Already weary with the physical exhaustion of a day spent in the air, Ruhr can feel the tension rising in him. He shakes out his wings to diffuse it, then limps out of the windbreak that the bluff provides. When a breeze blows once more on his face, the stallion closes his brown eyes and takes several long, slow breaths.
yes i know that love is like ghosts, few have seen it but everybody talks —
Her mind has been quieter than usual.
As much as she was hesitant to admit it, being in the company of others hushed the voices in her head to a background hum. When her eyes were focused on another's face it was easier to ignore the constant glimpses of ghosts that always haunted the corners of her vision, but it also made their presence all the more obvious once she is alone again. But that brief moment of solace — it was addicting.
She isn’t sure if she liked that change in her; becoming the kind of girl that craved someone else. The kind that came into the meadow and immediately began to scan the strangers that mingled, trying to find anyone that might distract her.

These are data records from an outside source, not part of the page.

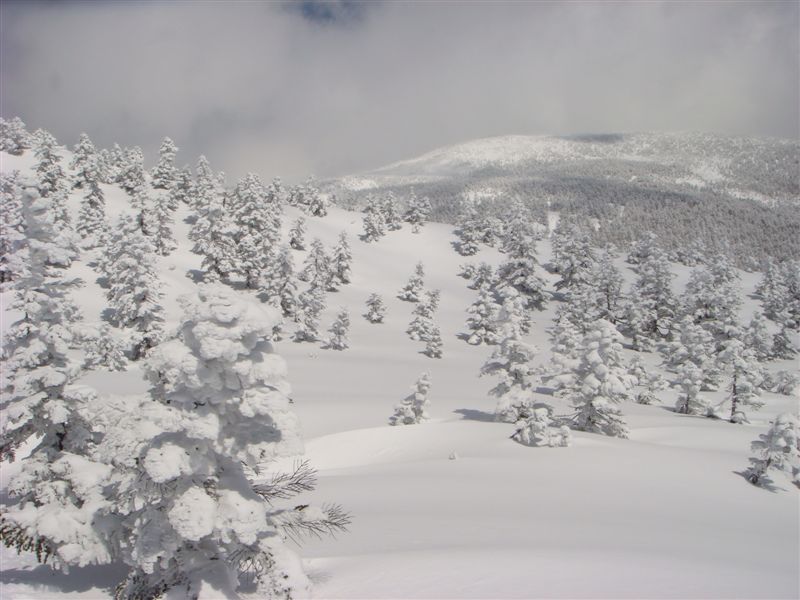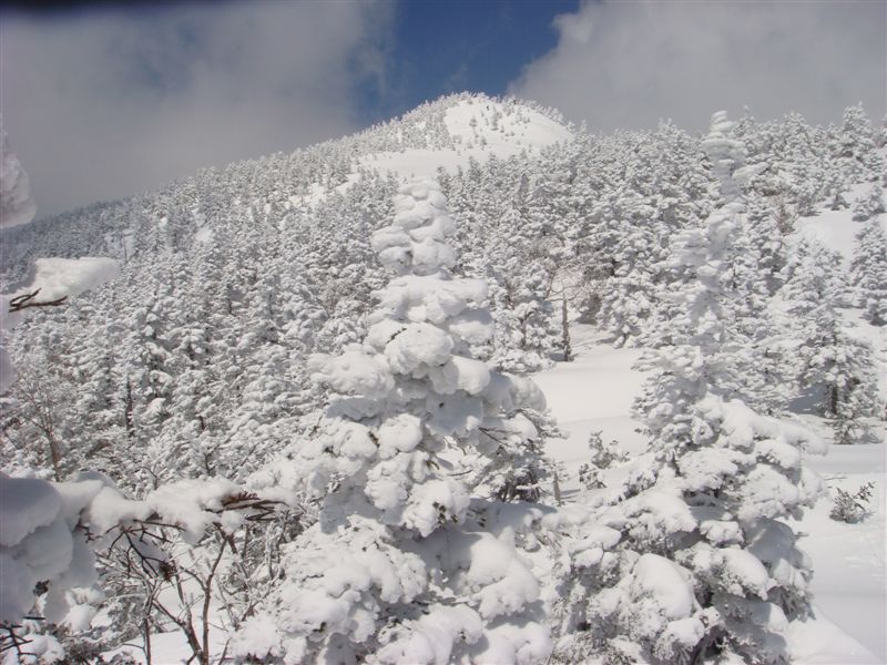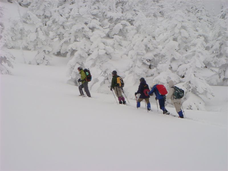 樹林帯をスノシュー4名、テレマーカー2人はガイドの案内で登っていった。真冬並みの寒気が入ったせいか樹氷も出来ていて冬山のようだ。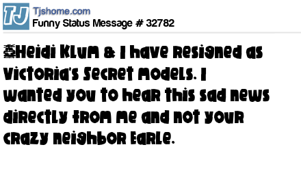 X ~Heidi Klum & I have resigned as Victoria's Secret models. I wanted you to hear this sad news directly from me and not your crazy neighbor Earle.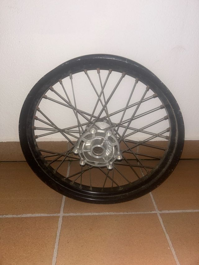 Detalles del productoSe vende llanta trasera original de moto cross para Derbi Senda, en buen estado estructural.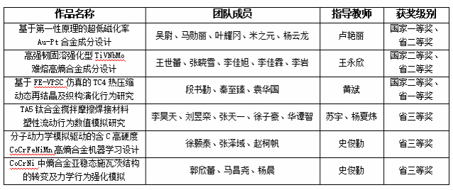 材料科学与工程仿真创新方向共收到作品49项,创历年新高,包括来自北京、山东、河北、河南、湖南、山西、陕西、新疆、江西、贵州等10个省市的多所知名高校。经过前期的省赛分组评审,共评选出16支队伍进入总决赛。总决赛包括作品评审和线上答辩两个环节,经过专家评审答辩、全国组委会复核,共评出一等奖3项,二等奖5项,三等奖8项。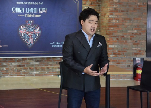 "야외오페라는 사실 피하고 싶은 것 중 하나에요. 날씨, 관객, 빛 등 변수가 너무 많아요. 보통 극장의 무대에서 쉽게 통제되는 것들이 야외에서는 불가능하거든요. 자연에 맡겨야 해요. 그게 단점이지만 동시에 멋이죠. 맑은 날씨가 찾아와주길 기도하고 있어요."테너 김건우(33)는 5일 오후 서울 마포아트센터에서 열린 오페라 '사랑의 묘약' 프레스콜에서 기자를 만나 "오랜만에 서는 고국 무대라 더 신경이 쓰여요. 열심히 준비해서 좋은 공연을 보여주겠습니다"라며 기대감을 내비쳤다.'M-PAT(엠팻) 클래식 음악축제'의 백미로 꼽히는 야외오페라 '사랑의 묘약(L'elisir d'amore)'이 오는 14~15일 상암월드컵공원 내 수변무대에 오른다.이탈리아 음악가 도니체티의 오페라 '사랑의 묘약'은 극중 등장하는 아리아 '남 몰래 흐르는 눈물'로 유명한 작품이다. 농장주의 딸 아디나를 조건 없이 사랑하는 지고지순한 농부 네모리노가 우여곡절 끝에 아디나의 마음을 얻는 과정을 그린다.

And almost immediately she felt guilty for even thinking that; that everyone out here, to her, was only a distraction. That she isn’t sure if she even cares about them, about getting to know or befriend them. She wonders if there will ever be a moment that she is not in a constant battle with her mind — if it’s not the voices then it’s the nearly crippling shyness, and if it’s not the shyness then it’s this, this idea that she is somehow secretly malicious without meaning to be.
She is caught in the crossfire of these thoughts when she sees him, a brief flash of movement, and instinctively she turns to look at him. His limp is the first thing she notices, and she feels a twinge of worry in her chest — but also relief at the realization that he is not a ghost. Despite her earlier musings that it was cruel to use others for her own benefit she approaches him anyway, her steps still cautious as always, and her voice perhaps a bit too soft, as if she is giving him the option to not hear her. “Are you okay? You’re limping.”
Narya
— spirits follow everywhere i go, they sing all day and they haunt me in the night
Ruhr opens his eyes slowly, having heard the sound of hooves and caught the scent of an approaching stranger on the night wind.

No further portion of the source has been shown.